Figure 1 illustrates the graphical procedure for evaluating monotonicity for a rater who scored test-takers using a rating scale with four ordered categories (0 = low; 3 = high). Rest scores are plotted along the x-axis in order of increasing achievement from left to right, and the y-axis shows the probability that test-takers within a particular rest score group received a rating in category k, rather than category k−1.

Illustrative category response function for evaluating rater monotonicity.
The plotted lines in Figure 1 represent the difficulty associated with the threshold between each pair of adjacent rating scale categories, in which the highest line (circle-shaped plotting symbols) in the plot shows the probability for a rating in Category 1 rather than Category 0, the middle line (triangle-shaped plotting symbols) shows the probability for a rating in Category 2 rather than Category 1, and the lowest line (cross-shaped plotting symbols) shows the probability for a rating in Category 3 rather than Category 2. The example rater in Figure 1 demonstrates adherence to monotonicity, because the adjacent-categories probabilities are non-decreasing across increasing rest scores. Conversely, violations of monotonicity occur when adjacent-categories probabilities are decreasing across increasing rest scores. If these violations are observed, researchers can gauge their severity using a statistical test of the null hypothesis that the probability for a rating in category k, rather than category k − 1, is equal between two rest score groups. Failure to reject this null hypothesis suggests a statistically significant violation of invariant test-taker ordering across raters.

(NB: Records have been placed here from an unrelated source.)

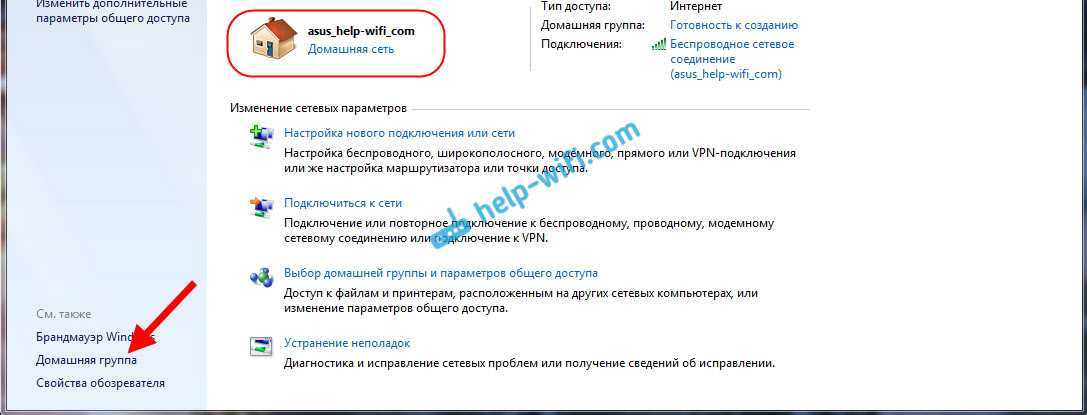 Закройте окно с выбором размещения сети. Теперь, наше подключение со статусом «Домашняя сеть». Перейдите в раздел Домашняя группа.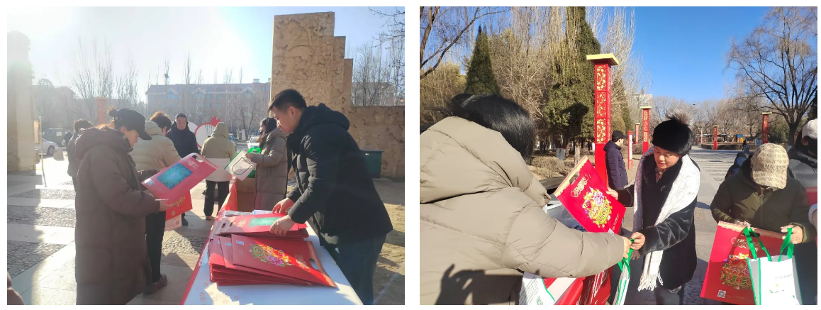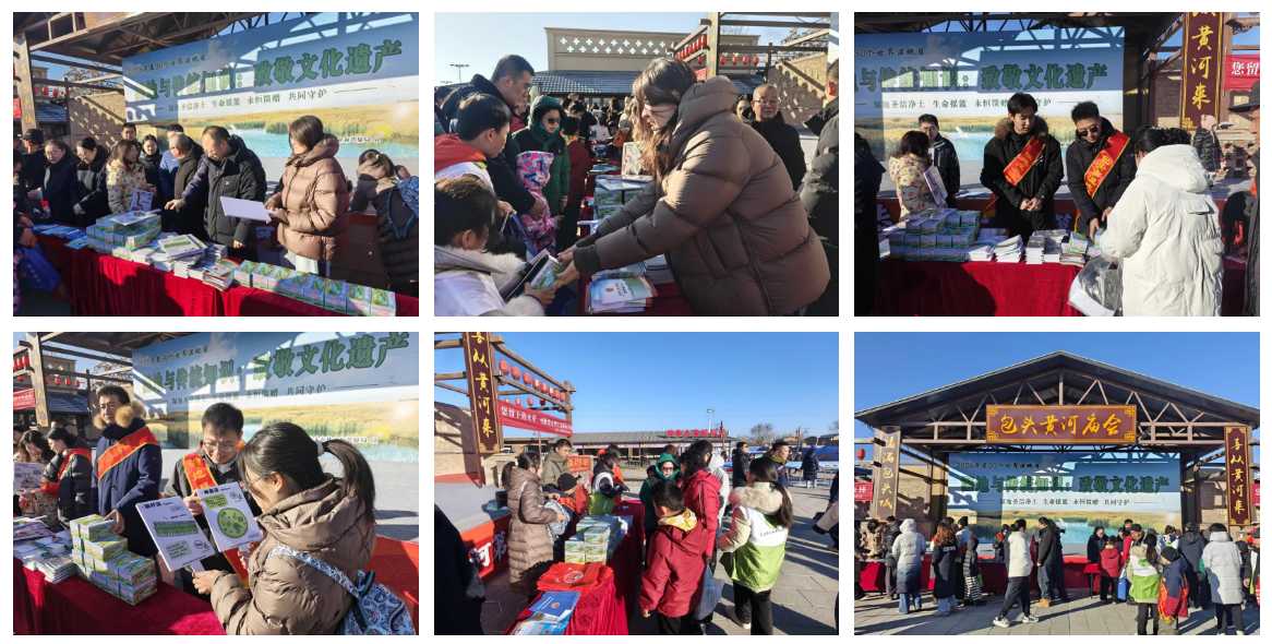 工作人员现场发放《中华人民共和国湿地保护法》、野生动植物保护法律法规、湿地保护宣传袋、宣传抽纸、包头黄河湿地常见鸟类辨识图、春节对联、文创钥匙扣等精美宣传品,不时有人询问宣传品上的内容,工作人员耐心解答的同时,不忘叮嘱大家践行湿地保护理念。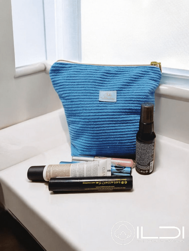 A neszeszer kordbásony külsővel és pul vízhatlan béléssel készül, cipzárral záródik, vatelinnel bélelt a két anyag között.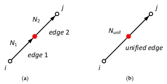Two-edge unification: (a) edge before unification; (b) edge after unification.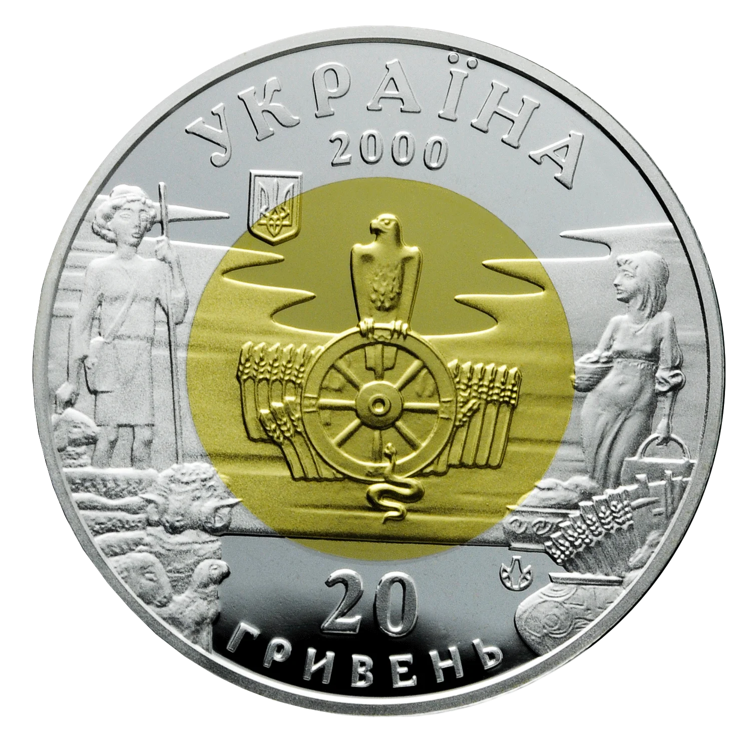 На аверсі монети у внутрішньому колі в центрі на тлі житнього колосся зображено символічне колесо історії, на якому сидить сокіл, а внизу – змія, угорі ліворуч розміщено малий Державний Герб України; у зовнішньому колі зображено хлопчика-пастуха – ліворуч та дівчинку з колосками – праворуч як представників скотарських та землеробських племен, логотип Монетного двору і написи: УКРАЇНА / 2000 / 20 / ГРИВЕНЬ /
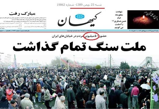 بعد همین امسال، همان کیهانی که ۱۲ سال قبل تعداد شرکت کنندگان را ۵۰ میلیون نفر اعلام کرده بود، نوشته که دیروز رکورد شرکت کنندگان شکسته شد و پرشمارترین راهپیمایی ۲۲ بهمن رقم خورد!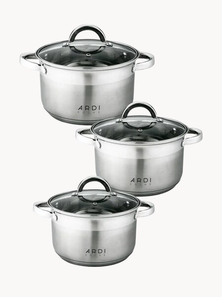 Представляем новый набор кастрюль ARDI KÜCHE AR-620, который станет незаменимым помощником в приготовлении ваших любимых блюд. Этот набор идеально сочетает в себе стильный дизайн и высокое качество, что делает его отличным решением для любой кухни. Кастрюли из нержавеющей стали позволяют готовить вкусную и здоровую пищу, а легкость в уходе освободит больше времени для себя и семьи. В набор входят кастрюли различных объемов - 2,2 л, 3 л и 4 л, вы можете выбрать идеальный размер для любого блюда. В кастрюлях из нержавеющей стали можно варить абсолютно все: супы, бульоны, пасту, крупы и овощи. Даже кислые варенья, компоты и морсы. Нержавеющая сталь не вступает в реакции с кислотами из фруктов и ягод, а потому опасных для здоровья соединений не образует. Эти изделия подходят для всех типов плит, включая индукционные, что делает их идеальными для современных кухонь. К тому же, кастрюли прекрасно сочетаются с другими предметами кухонной утвари, такими как сковороды, сотейники и посуда для запекания. Вы можете легко комбинировать их с вашей любимой посудой. А еще кастрюли удобны в хранении, сложив их «матрешкой» (кастрюли вставляются друг в друга) они не будут занимать много места на вашей кухне. Не забывайте и о функциональности! Набор включает кастрюли с крышками, что позволяет вам готовить на пару и сохранять полезные вещества в продуктах. А стильный внешний вид делает его не только практичным, но и красивым дополнением к вашему кухонному интерьеру. Благодаря разнообразию вариантов эти кастрюли могут стать отличным подарком на любой праздник. Приобретая набор AR-620, вы получаете не только качественную посуду для кухни, но и возможность наслаждаться процессом приготовления. Удобные не нагревающиеся ручки делают использование кастрюль комфортным, а их стильный дизайн добавляет элегантности вашей кухне. Закажите наш набор кастрюль уже сегодня и наслаждайтесь готовкой с удовольствием! Мы не только продаем эти прекрасные кастрюли, мы являемся производителем товаров бренда ARDI KÜCHE и предоставляем гарантию на весь ассортимент бренда – 1 год. Уважаемые покупатели, обратите внимание: полезный объем – 1,5 л, 2 л, 3 л. Для сохранения первоначального вида и блеска изделия при очистке посуды используйте только мягкие ткани. Не используйте абразивные чистящие средства.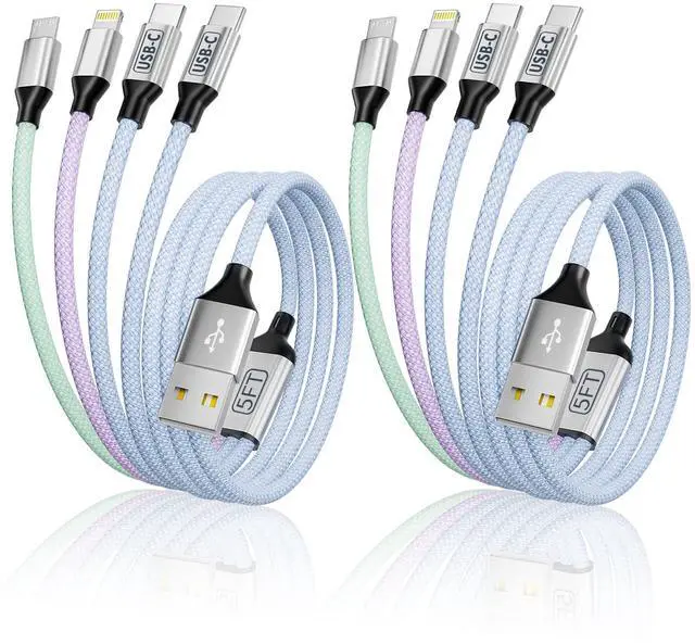 All Devices: Get our 2packs 5FT multi phone charger cord, you will get 8 usb cables: 4 usb a to usb c cable, 2 usb a to lightning cable, 2 usb a to micro usb charging cable, compatible with all iPhone 17 Air/16 Pro Max/16/15/14/13/12/11/SE/Xs Max/ Xs/Xr/X/8/7/6/5 Series, iPad Air/Pro, Pod, Galaxy S25/S24/S23 /S22/S21/S20 Series, Note 7 8 9 10 20, Google Pixel, PS4/5, portable fans, LED cabinet lights, headphones and most other devices ^^ All in One Multiple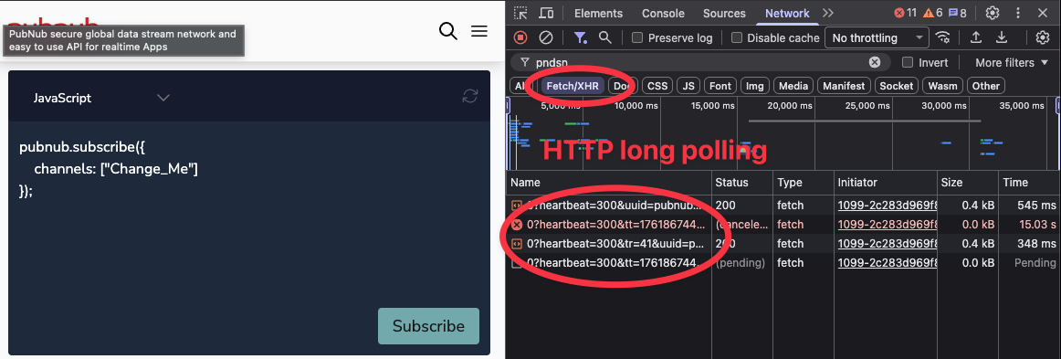 You can verify this yourself: Open browser DevTools → Network tab. Connect to a PubNub demo. You’ll see HTTP GET requests, not WebSocket frames.
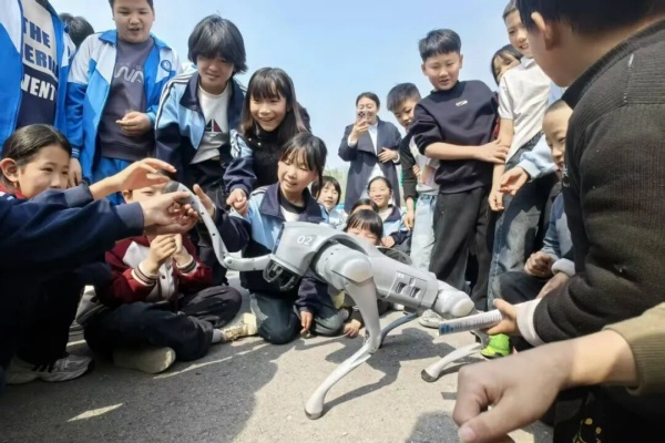 志愿者还为师生们带来了精彩纷呈的机器狗表演。科技狗灵活完成行走、转向、舞蹈、翻滚等高难度动作,精准的指令响应、流畅的肢体表现,让现场同学们惊叹不已,阵阵欢呼与掌声此起彼伏。

Adjacent-categories rater scalability
The second ac-MSA indicator of rating quality is rater scalability. In traditional applications of MSA, many researchers have used scalability analyses to inform item selection procedures in order to construct a scale that facilitates the interpretation of total scores as indicators of person ordering on the construct (Hemker, Sijtsma, & Molenaar, 1995; Meijer, Tendeiro, & Wanders, 2015; Straat, van der Ark, & Sijtsma, 2013). Scalability coefficients for items are calculated by using the ratio of the observed-to-expected Guttman errors associated with each item. For dichotomous items, Guttman errors are defined as combinations of incorrect responses to easier items with correct responses to more-difficult items. These response patterns complicate the interpretation of a scale because they indicate that difficulty item ordering cannot be interpreted in the same way across test-takers. Accordingly, evidence that few Guttman errors associated with an item suggests that it meaningfully contributes to test-taker ordering on the construct. A method for identifying Guttman errors is illustrated in Figure 2, using three example dichotomous items (Item i, Item j, and Item k). In the example, the items are ordered by difficulty from easy to difficult as follows: Item 1 < Item 2 < Item 3; this ordering is used to define Guttman errors. In the figure, a score of “1” indicates a correct response, and a score of “0” indicates an incorrect response. The top part of the figure (Panel A) shows a response pattern without any Guttman errors because the responses proceed from correct to incorrect as the items proceed from easy to difficult and as student achievement increases from low to high. Panel B illustrates a response pattern with two Guttman errors; each error is marked with italics and an asterisk. In the figure, Guttman errors occur when a score of “1” appears to the right of a score of “0”.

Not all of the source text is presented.